L’échec face à Macron, lors du débat du second tour, ne doit pas masquer la réalité : le fait que celui-ci ait eu lieu est déjà, en soi, une illustration de l’avancée de ses positions au sein de la société. Et ce, malgré que les “courtes jambes” du FN, son incapacité à développer une stratégie cohérente, aient offert les lauriers de la victoire à Emmanuel Macron.
Surtout, au fur et à mesure de son matraquage, celui-ci a réussi un tour de force impressionnant : il s’est placé au centre du débat idéologique. Ce sont désormais ses mots d’ordres qui dictent la position des autres organisations, sa vision du monde qui prend une place hégémonique.
Cette incapacité à triompher de son adversaire est une défaite tactique, mais ne remet pas en cause le fait que le Front National devienne un acteur de l’opposition. De marginal, le Front National est devenu un point de bascule dans le débat. Les positions des organisations politiques tendent, de plus en plus, à se prendre relativement à la position du FN. Ses thèmes de campagne : la question des immigrés, la question de la domination par l’Europe, la question de la sécurité, sont devenus les enjeux centraux des débats.
Ce succès n’est nullement celui d’une étoile filante, mais tout ceci est bel et bien le fruit d’un long processus. De nombreuses forces ont été les acteurs de cette progression, y compris -tristesse- dans le camp des progressistes.
La bourgeoisie ne dépend pas des fascistes, à l’heure actuelle, pour assurer sa sauvegarde. Cependant une opposition formée par le FN est un bénéfice faramineux. Elle forme une contre-assurance idéale.

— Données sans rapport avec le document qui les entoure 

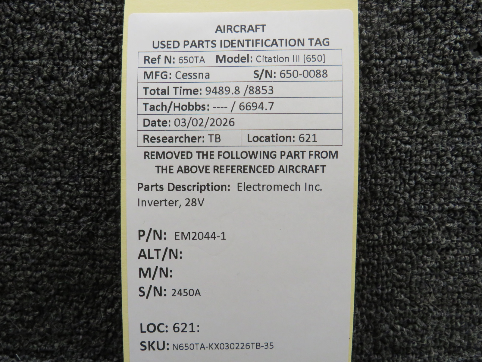 Every part is carefully inspected throughout our process and several times before it goes online. Most items are sold as-removed, just as they came off the aircraft. These parts are not functionally tested. What we do provide is clear photos, full traceability when available, pricing that reflects the as-removed condition, and a no-nonsense 90-day return window.
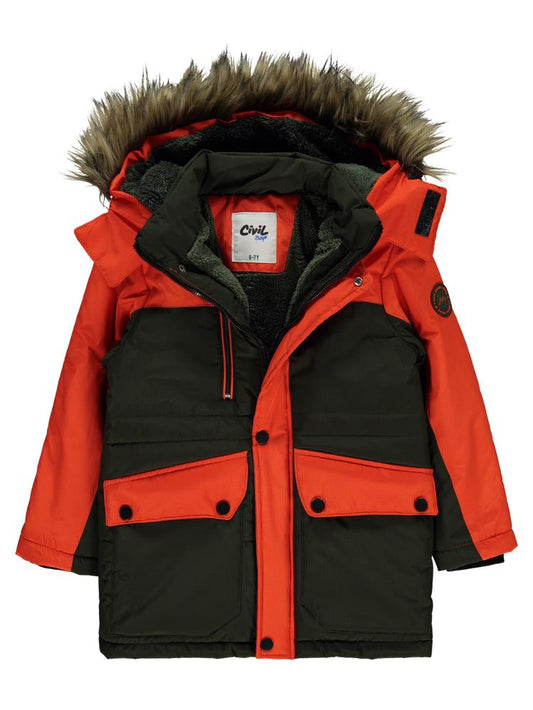 Civil boys kapşonlu welsoflu pilot 6-9 yaş mont - haki
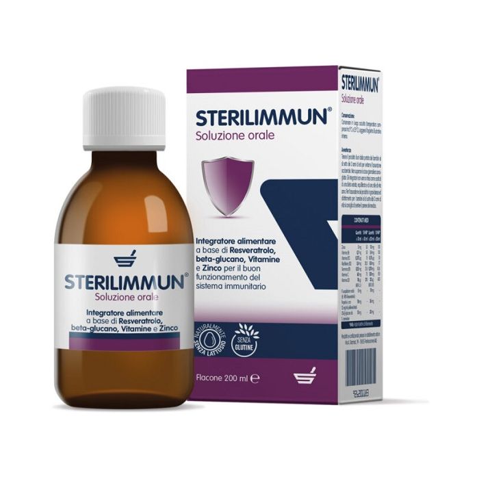 Sterilimmun è un integratore alimentare a base di betaglucano da s. cerevisiae, resveratrolo, estratto da propoli, zinco, vitamine del gruppo B, vitamina C, vitamina D.

La bourgeoisie n’a pas besoin, par ailleurs, du FN pour instaurer un régime caporalisé et durci. Comme nous le mentionnons dans notre analyse du débat du second tour : “Il n’existe pas de muraille de Chine, ni de dispositions légales protectrices, qui peuvent intégralement prémunir contre un passage de la démocratie bourgeoise à un système de type fasciste. Si certains esprits mécanistes considèrent que Le Pen est directement égale à “fascisme” et, à l’inverse, que Macron est directement et immuablement égal à “démocratie”, politiquement ceci est une fausseté. Les facultés de résilience de la société civile peuvent tout à fait entraver les tentatives de Le Pen d’appliquer son programme à la lettre, tandis qu’elles peuvent être neutralisée par le centrisme apparent de Macron. Dans une situation difficile ou critique, un centriste peut très bien recevoir l’ordre d’appliquer un régime caporalisé. N’oublions pas que les fossoyeurs de la révolution Spartakiste d’Allemagne, que ceux qui tentèrent d’étrangler la révolution bolchevik, portaient l’un et l’autre la Rose du socialisme, étaient tout deux des gens “de gauche”, progressistes et démocrates.”
Toujours est-il que, à l’heure actuelle, Emmanuel Macron, le plus jeune président de la République, est le héraut parfait de la bourgeoisie. Mais cet adoubement est, là aussi, le fruit d’un long trajet.